§ **PROBLEM TO SOLVE**: The result should be an exact copy of only the lines from the one holding "Kinder Festkleid Mädchen" through the last line of the data below, please, without pictures.
● ● ●
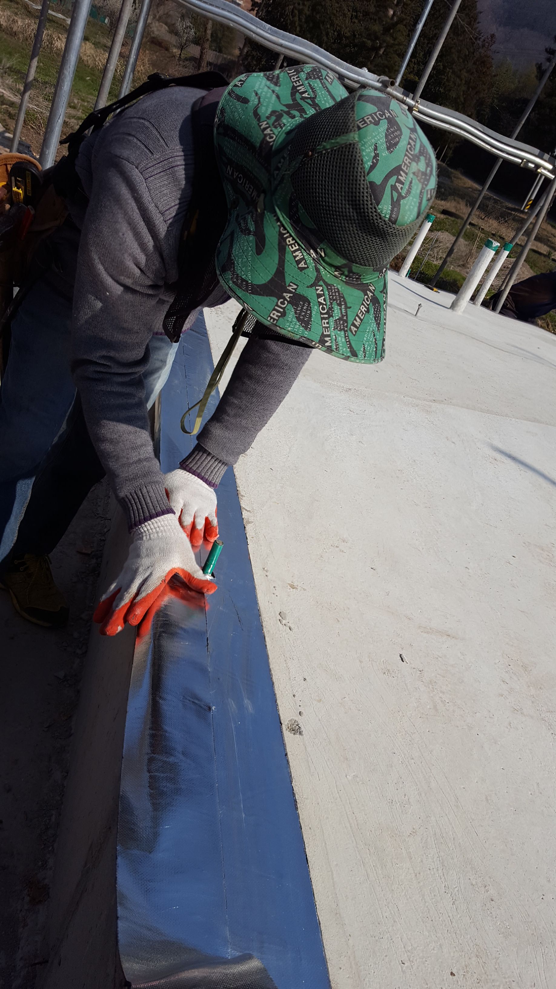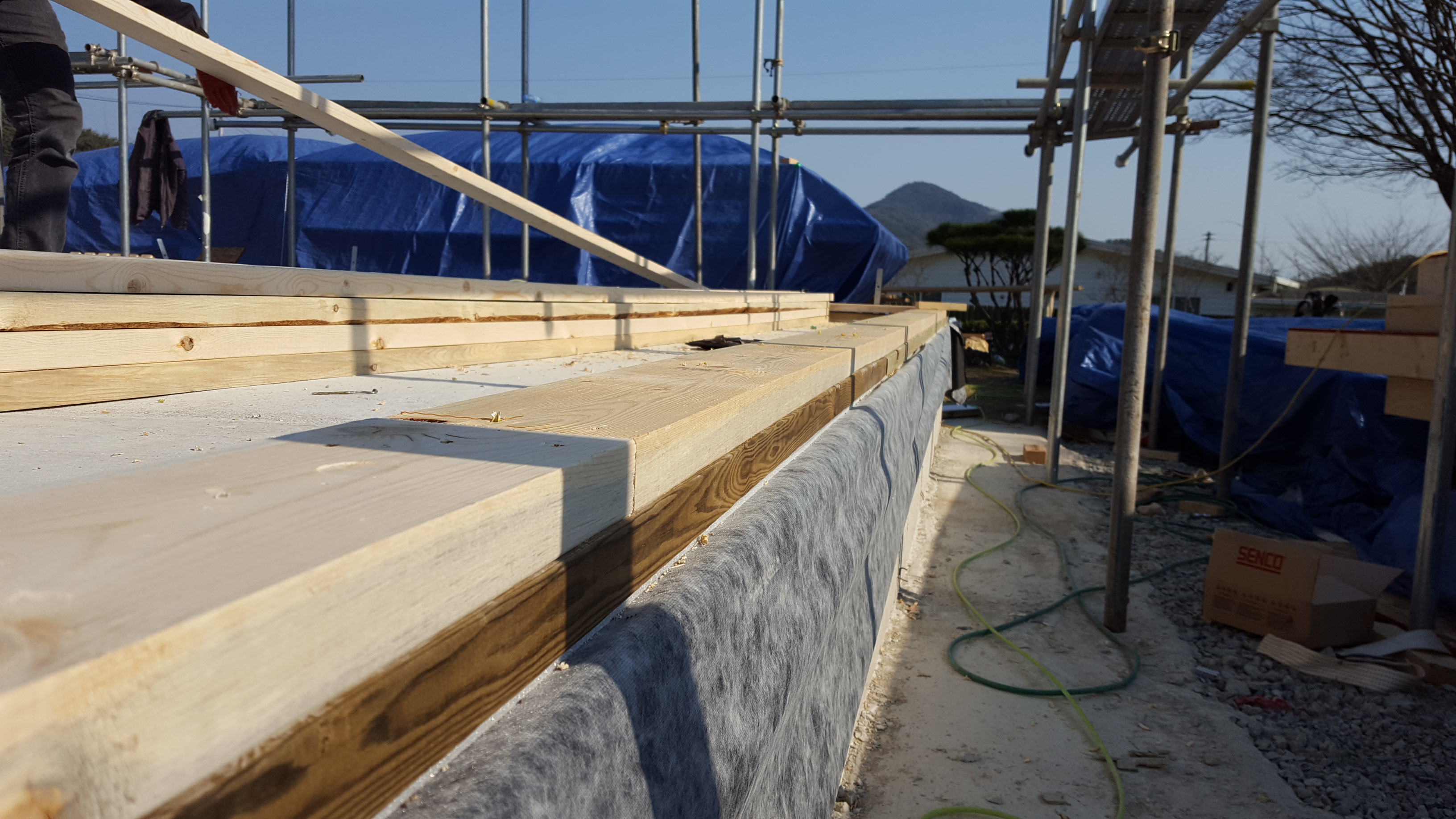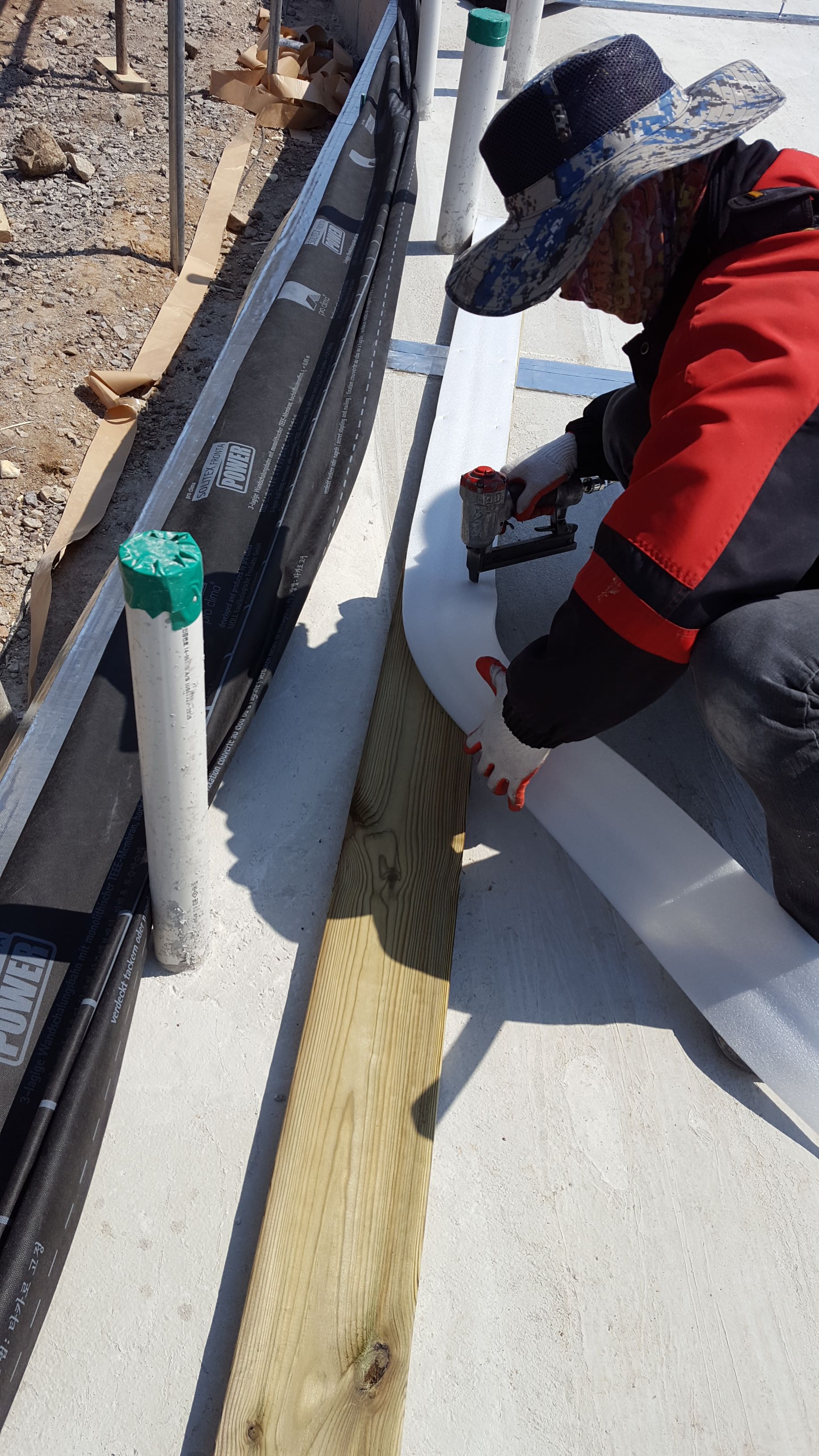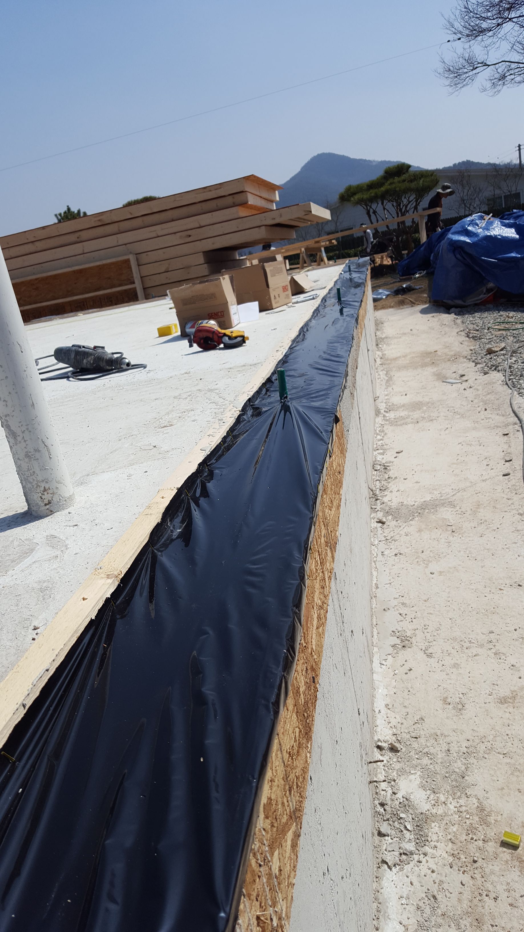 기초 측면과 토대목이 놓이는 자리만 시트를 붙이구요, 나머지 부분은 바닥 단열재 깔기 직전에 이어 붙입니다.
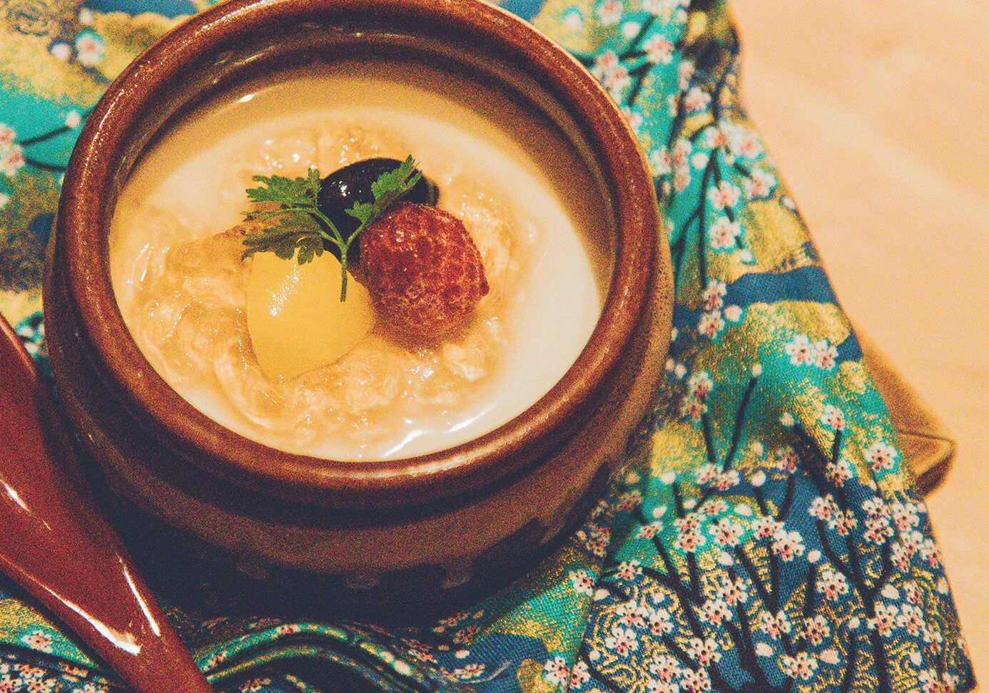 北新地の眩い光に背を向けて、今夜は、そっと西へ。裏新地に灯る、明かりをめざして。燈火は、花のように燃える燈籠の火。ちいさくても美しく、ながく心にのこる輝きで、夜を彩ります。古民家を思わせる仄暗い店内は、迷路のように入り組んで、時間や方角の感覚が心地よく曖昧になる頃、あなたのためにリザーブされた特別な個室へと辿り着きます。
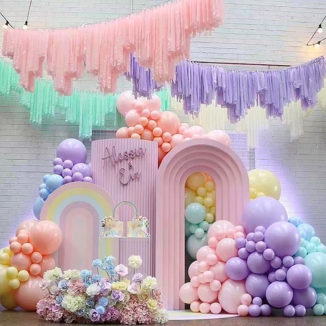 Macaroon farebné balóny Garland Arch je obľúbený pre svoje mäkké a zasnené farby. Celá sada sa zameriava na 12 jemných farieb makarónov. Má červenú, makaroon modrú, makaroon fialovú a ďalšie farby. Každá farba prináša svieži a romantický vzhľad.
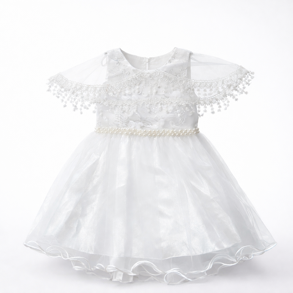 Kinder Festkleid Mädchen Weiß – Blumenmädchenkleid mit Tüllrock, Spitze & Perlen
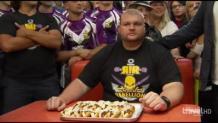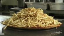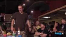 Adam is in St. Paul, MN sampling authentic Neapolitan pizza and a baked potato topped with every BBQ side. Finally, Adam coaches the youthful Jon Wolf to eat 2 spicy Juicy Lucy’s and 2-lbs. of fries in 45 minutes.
● ● ●
§ **RESPONSE TO THIS EXERCISE**:
 Kinder Festkleid Mädchen Weiß – Blumenmädchenkleid mit Tüllrock, Spitze & Perlen
 Adam is in St. Paul, MN sampling authentic Neapolitan pizza and a baked potato topped with every BBQ side. Finally, Adam coaches the youthful Jon Wolf to eat 2 spicy Juicy Lucy’s and 2-lbs. of fries in 45 minutes.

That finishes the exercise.